Nori provides a complete, ready-to-use authentication system that includes session middlewares, route decorators for permissions, JSON Web Token (JWT) based authentication for APIs, and secure password handling using PBKDF2-SHA256 hashing.

Password Hashing (Security)

To create users or validate manual logins, you must always use the Security class provided by the framework in core.auth.security.

from core.auth.security import Security

# Hashing a plain text password
hashed_password = Security.hash_password('my_secret_password')
# 'pbkdf2_sha256$100000$salt$hash'

# Comparison / Verification
is_valid = Security.verify_password('my_secret_password', hashed_password) # True

Security also offers quick stochastic hexadecimal token generators:

token = Security.generate_token()      # 64 hex characters
csrf = Security.generate_csrf_token()  # 64 hex characters

Brute-Force Protection (Login Guard)

Nori includes per-account brute-force protection that locks accounts after repeated failed login attempts, with escalating lockout durations.

from core.auth import check_login_allowed, record_failed_login, clear_failed_logins

async def login(self, request: Request):
    form = await request.form()
    email = form['email']

    # 1. Check if the account is locked
    allowed, retry_after = await check_login_allowed(email)
    if not allowed:
        return JSONResponse(
            {'error': f'Too many attempts.

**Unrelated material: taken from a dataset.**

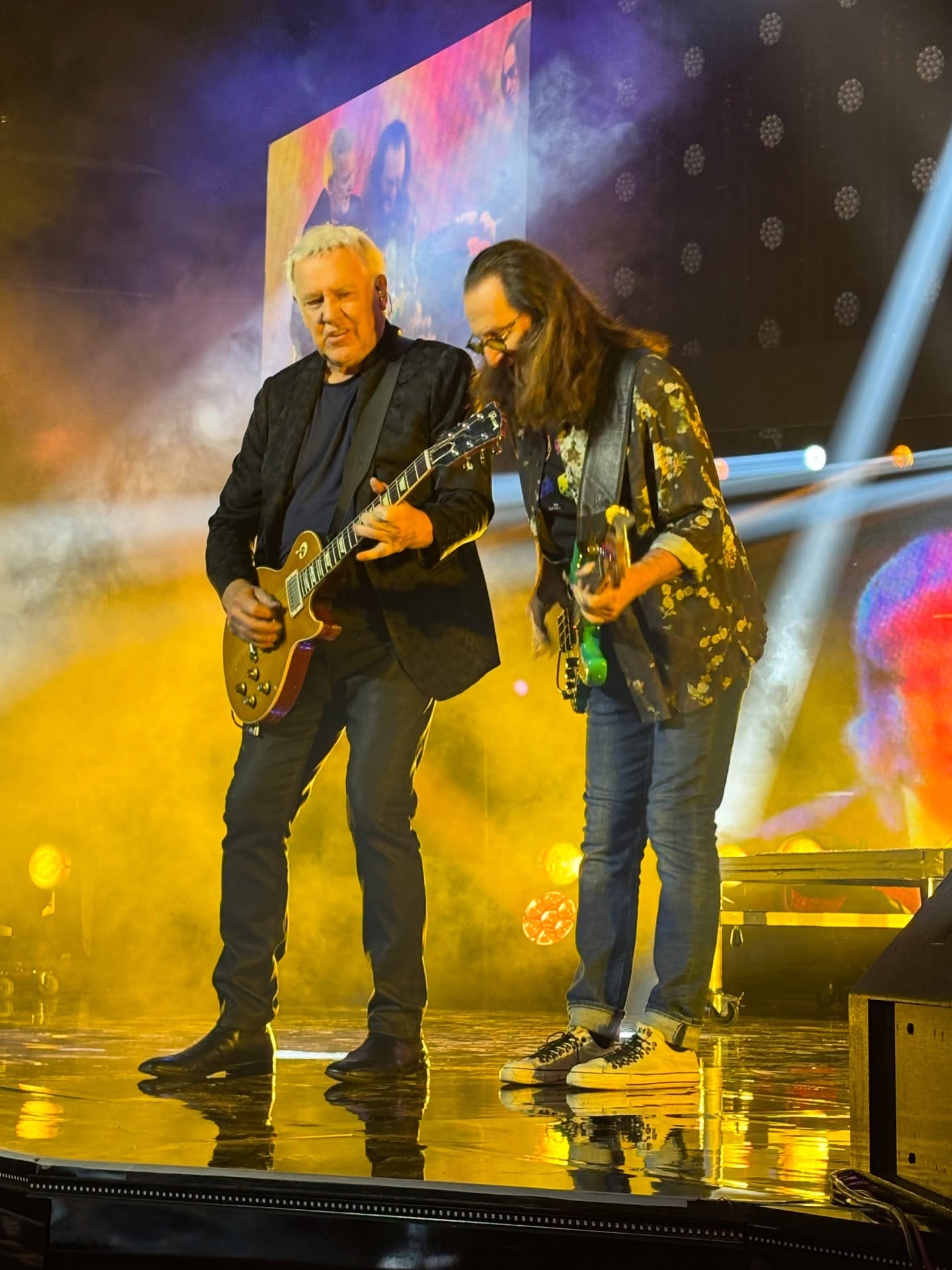 It looked like a vintage burst. Something made between 1958 and 1960. It was faded from sunburst to yellow the way a lot of ‘58’s and ‘59’s are. I assumed it was the real deal, but I don’t think I’ve ever seen Alex play a real burst before. I know Geddy Lee owns (owned?) one, but Alex usually plays newer models. Even back in the 70’s, before vintage Les Pauls became too enormously expensive, he played 70’s models.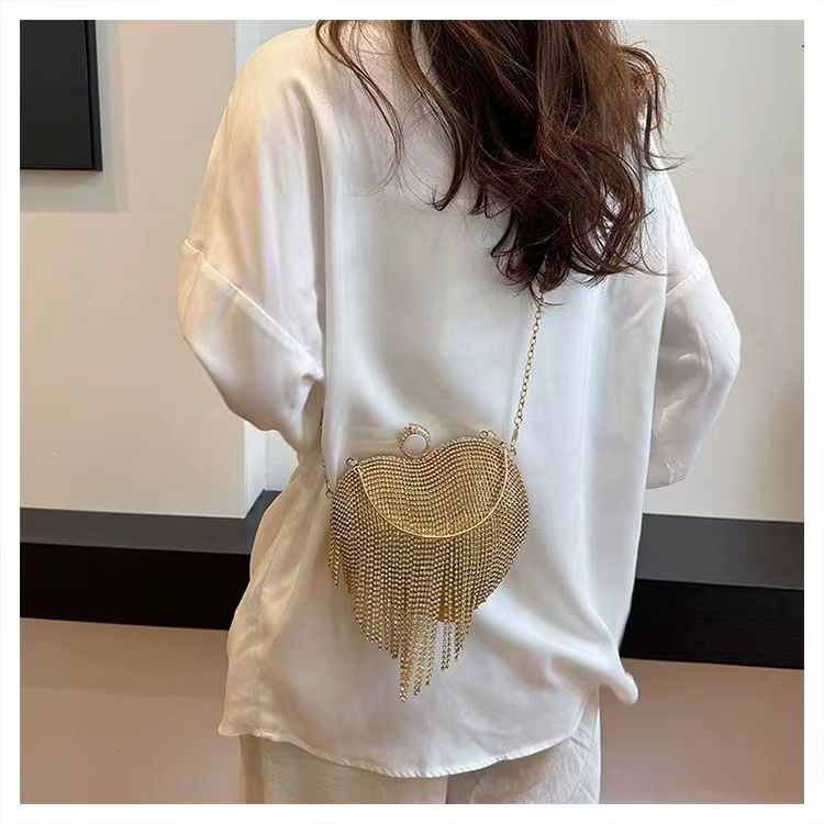 Wholesale Party Bling Bling Purses Women Fashion Chain Crossbody Bags Tassel Rhinestone Heart Handbag

Try again in {retry_after}s.'},
            status_code=429,
        )

    # 2. Validate credentials
    user = await User.get_or_none(email=email)
    if not user or not Security.verify_password(form['password'], user.password_hash):
        await record_failed_login(email)
        return JSONResponse({'error': 'Invalid credentials'}, status_code=401)

    # 3. Success — clear attempts and start session
    await clear_failed_logins(email)
    request.session['user_id'] = str(user.id)
    return RedirectResponse(url='/dashboard', status_code=302)

How it works: - After 5 consecutive failures, the account is locked for 1 minute. - Each subsequent lockout escalates: 1m → 5m → 15m → 30m → 1h. - A successful login resets the counter entirely. - Attempts made during a lockout are ignored (don't extend the lockout). - Uses the cache backend (Memory or Redis), so it works with the same CACHE_BACKEND setting. - Lockouts are logged via nori.auth logger for monitoring.

API: core.auth.login_guard | Function | Purpose | |----------|---------| | check_login_allowed(identifier) | Returns (allowed: bool, retry_after: int) | | record_failed_login(identifier) | Increments failures; triggers lockout at threshold | | clear_failed_logins(identifier) | Resets all tracking (call on successful login) |

The identifier can be anything — email, username, phone number. It's the developer's choice.


Session Middlewares

Nori manages the logged-in user state in an encrypted session cookie using the SECRET_KEY from .env.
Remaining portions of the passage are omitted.